### Exploratory Data Analysis (EDA) for Histopathology Cancer Detection
This notebook is dedicated to analyzing and understanding the histopathology cancer detection dataset. We'll explore data distributions, check for any patterns, and perform preliminary visualizations. Additionally, we’ll use tools like Pandas Profiling for a quick overview of dataset characteristics.

#### Import Libraries

In [None]:
import os
import pandas as pd
import matplotlib.pyplot as plt
import seaborn as sns
import sweetviz as sv

from scripts.config import LABELS_FILE, TRAIN_DIR, TARGET_SIZE
from scripts.data_utils import display_sample_images


#### Load Data

In [None]:
# Load labels from the training labels CSV
labels_df = pd.read_csv(LABELS_FILE)
print("Data Loaded Successfully")
labels_df.head()

#### Basic Information and Summary Statistics

In [None]:
# Display basic info
print("Dataset Info:")
labels_df.info()

print("\nSummary Statistics:")
labels_df.describe()

#### Class Distribution

In [None]:
# Visualize class distribution
plt.figure(figsize=(6, 4))
sns.countplot(x='label', data=labels_df, palette='pastel')
plt.title('Class Distribution of Cancer Labels')
plt.xlabel('Label')
plt.ylabel('Count')
plt.show()

#### Sample Images

In [None]:
# Display samples for label 0 (non-cancerous) before and after preprocessing
print("Non-cancerous samples (Label 0):")
display_sample_images(train_dataset, label=0, sample_size=5)

In [None]:
# Display samples for label 1 (cancerous) before and after preprocessing
print("Cancerous samples (Label 1):")
display_sample_images(train_dataset, label=1, sample_size=5)

#### SweetViz Report

In [None]:
# Generate an automated EDA report using Sweetviz
eda_report = sv.analyze(labels_df)
eda_report.show_html(filepath='eda_report.html', open_browser=False)
print("Sweetviz Report Generated: eda_report.html")

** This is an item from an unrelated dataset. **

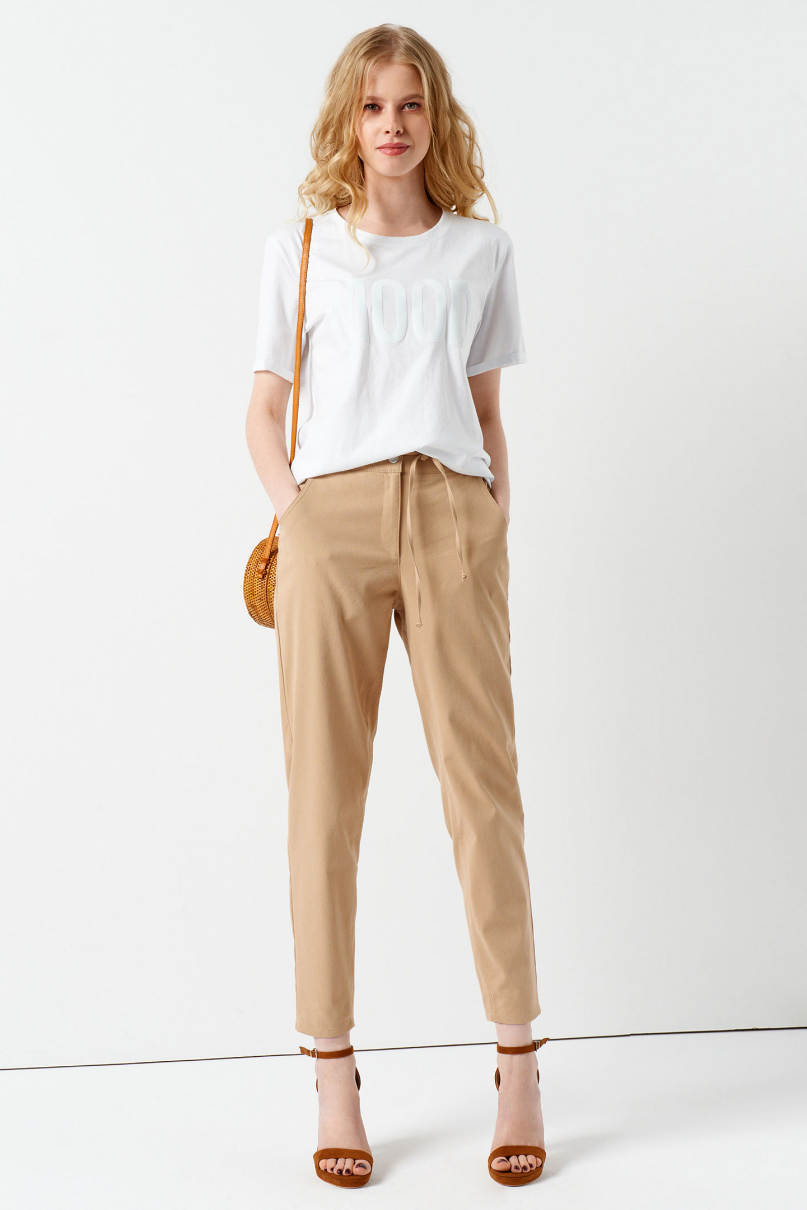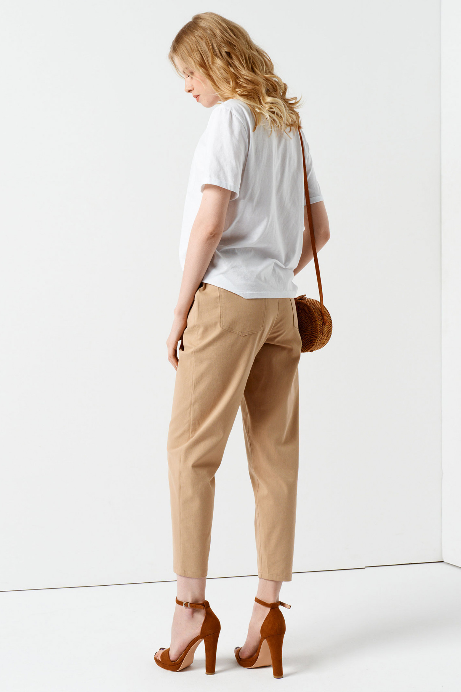 Хлопковые брюки casual в сочетании с футболками, блузами, топами помогут вам создавать эффектные повседневные образы. Модель отлично подойдет для прогулки по городу, похода в кино, на встречу с друзьями или свидание. Особый крой обеспечивает одежде превосходную посадку по фигуре. Короткие зауженные брюки застегиваются на застежку-молнию, прикрытую гульфиком, и пуговицу. Изделие дополнено глубокими прорезными карманами по боковым швам и шнурком на поясе из основной ткани. Для пошива используется качественный мягкий хлопковый джинс, приятный к телу. Покупайте недорогие модные женские брюки, чтобы пополнить базовый гардероб сезона весна-лето.

#### Image Size Distribution
Check if there is any variance in image sizes (should be uniform but worth verifying).

In [None]:
# Verify image sizes for a random sample of 50 images
image_sizes = [Image.open(os.path.join(TRAIN_DIR, img_id + '.tif')).size for img_id in labels_df['id'].sample(50)]
image_sizes_df = pd.DataFrame(image_sizes, columns=['Width', 'Height'])

# Display unique dimensions
print("Sample Image Sizes:")
print(image_sizes_df['Width'].value_counts(), image_sizes_df['Height'].value_counts())

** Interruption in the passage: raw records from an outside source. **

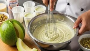 खरबूजे की प्यूरी तैयार करें: खरबूजे को छीलकर उसके बीज निकाल लें, और उसे छोटे-छोटे क्यूब्स में काट लें। इन क्यूब्स को मिक्सर में ब्लेंड करके स्मूद प्यूरी बना लें। ध्यान रखें कि पानी न डालें।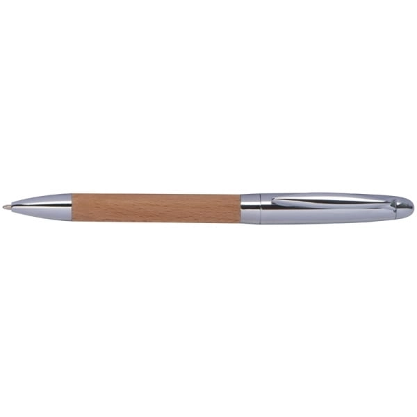 Zestaw składający się z długopisu i breloka. Oba gadżety wykonane są z drewna i posiadają metalowe elementy.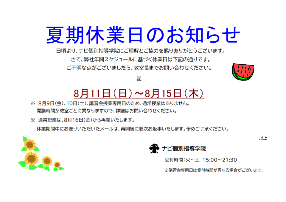 会津若松市の個別塾・学習塾といえば、ナビ個別指導学院会津若松校!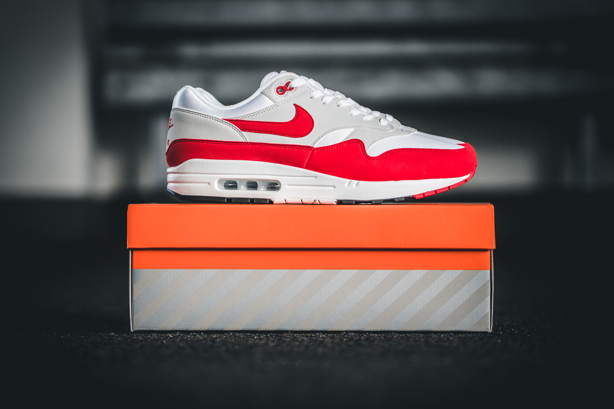 Der Nike Air Max 1 »Anniversary – OG Red« wird hier bei uns im Shop erhältlich sein: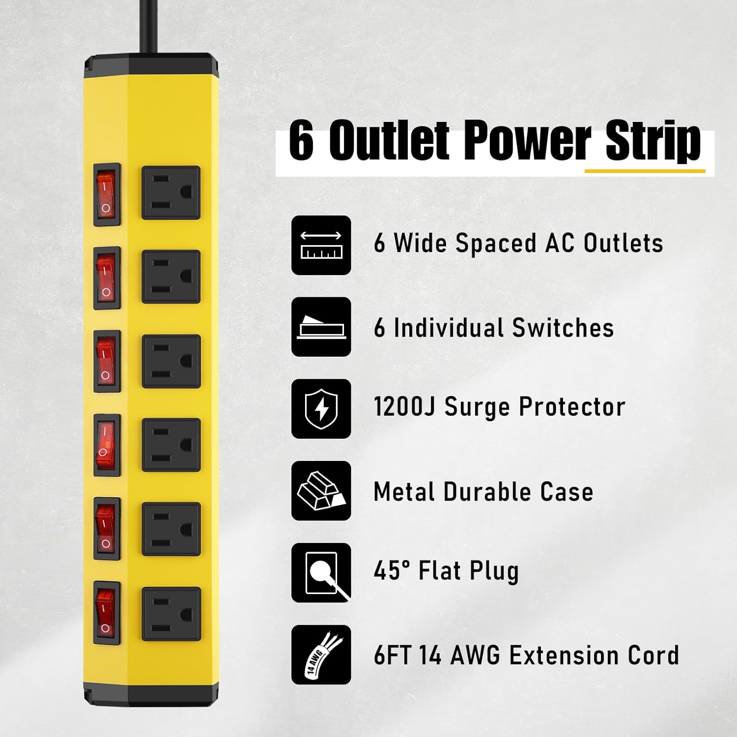 - Built-in 1200J surge protector MOV module, the individual switch power strip provides comprehensive protection for your valuable appliances. Say goodbye to worries about overload and voltage spikes.

#### Image Resizing Preview
Verify resizing functionality to the target size defined in `config.py`.

In [None]:
# Resize a sample image to the target size
sample_img_path = os.path.join(TRAIN_DIR, labels_df['id'][0] + '.tif')
sample_img = Image.open(sample_img_path)
resized_img = sample_img.resize(TARGET_SIZE)

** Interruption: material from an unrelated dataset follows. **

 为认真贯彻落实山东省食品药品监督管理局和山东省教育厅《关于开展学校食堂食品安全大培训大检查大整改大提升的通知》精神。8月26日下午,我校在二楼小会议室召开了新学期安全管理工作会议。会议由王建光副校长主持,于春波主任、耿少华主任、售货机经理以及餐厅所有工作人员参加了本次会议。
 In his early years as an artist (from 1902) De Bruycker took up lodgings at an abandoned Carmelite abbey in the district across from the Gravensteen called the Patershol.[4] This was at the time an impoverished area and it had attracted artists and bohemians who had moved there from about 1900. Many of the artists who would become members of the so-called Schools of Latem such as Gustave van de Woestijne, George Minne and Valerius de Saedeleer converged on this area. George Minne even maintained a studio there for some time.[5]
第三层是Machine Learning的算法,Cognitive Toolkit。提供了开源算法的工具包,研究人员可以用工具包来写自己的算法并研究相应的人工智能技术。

plt.figure(figsize=(8, 4))
plt.subplot(1, 2, 1)
plt.imshow(sample_img)
plt.title("Original Image")
plt.axis("off")

plt.subplot(1, 2, 2)
plt.imshow(resized_img)
plt.title(f"Resized Image {TARGET_SIZE}")
plt.axis("off")
plt.show()

#### Conclusion
This concludes the exploratory data analysis:
- The dataset's class distribution is imbalanced, favoring non-cancerous images.
- Sweetviz provides a comprehensive report for further insights.
- Images are uniform in size but will be resized to the target dimensions during preprocessing.